JC: Chronic disease is an overarching priority. We have a number of broad program initiatives under way that involve outreach to other stakeholders. It's a major effort for us. In light of our renewed focus on regulatory issues, we will be spending time on the PDUFA reauthorization process. Regarding the Obama Administration's Affordable Care Act, we want to see improvements, the most important of which is repealing the Independent Payment Advisory Board to control Medicare costs, outside the purview of the legislative process. In addition, we face yet another year of debate on patent law reform. The outcome is crucial to our members, which account for about two-thirds of all the patents held in the US life sciences sector.
WL: What does Sanofi-Aventis CEO Chris Viehbacher intend to achieve in his current term as PhRMA Chair?
JC: Putting PhRMA in the center of the discussion on managing chronic disease is important to him—it should be embedded in all that we do.

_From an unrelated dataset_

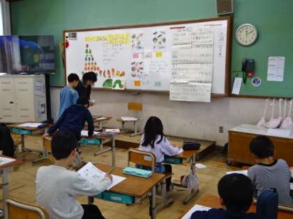 栄養教諭の先生と一緒に学習です。今日は、「はらぺこあおむし」のお話を読んで、しっかりといろいろなものを食べて、成長していくことを学習しました。季節の旬の食材のうま味もしっかりと味わいながら、これからもしっかりと食べていきたいですね。
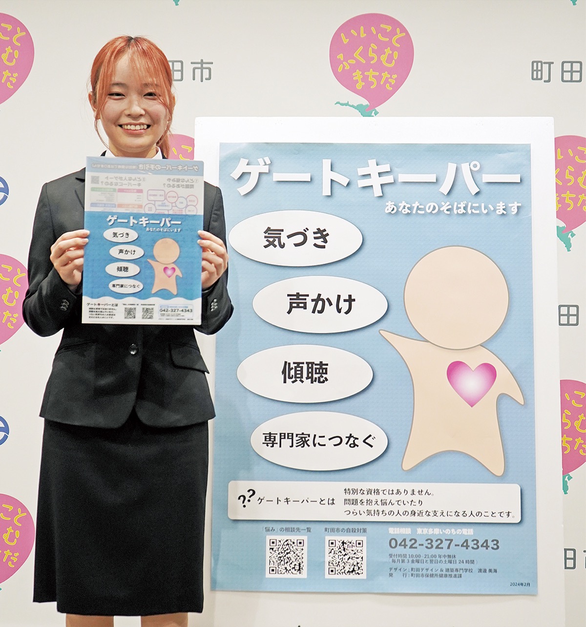 町田市は先ごろ、身近な人の悩みに気づき支える役割を担う「ゲートキーパー」の啓発ポスターデザインを手がけた町田デザイン&建築専門学校(森野)の渡邊美海さん(グラフィックデザイン科1年)=写真・人物風土記で紹介=を表彰した。同校学生の作品を対象に選考を進めてきたもので、29作品の応募があったなか、渡邊さんは市長賞を受賞。石阪丈一市長から表彰状が手渡された。

The other issue he is keen on is promoting awareness of the economic presence we have and our industry's contribution to global competiveness through innovation. His message is that we have to be less shy about that contribution, particularly in documenting the "multiplier effect" from industry investment in research.
WL: Looking ahead two or three years, how will you define your success?
JC: I intend to evidence progress in two areas. First, that we have an effective organization working seamlessly toward the specific objectives defined by the board and our member companies—and that I can produce clear metrics to demonstrate we have met those objectives. The second goal is to move the debate on medicines and healthcare in a different direction. To take it away from the politics of scarcity to a position that shows people understand, value, and are willing to reward the innovative process.
This latter objective will not be easy to achieve. There are many forces that will argue for the opposite. An organization that keeps me awake at night is the Congressional Budget Office (CBO), which is responsible for scoring the budget and economic impact of government activities. Right after I arrived at PhRMA last September (2010), I found one of its reports on my desk, stating that a reduction in obesity rates would actually drive up health costs by some $240 billion a year because thinner people live longer. What a narrow frame of reference! It's statistical absurdities like this that will give us the wrong answer for the long-term. It's a noble endeavor to fight it.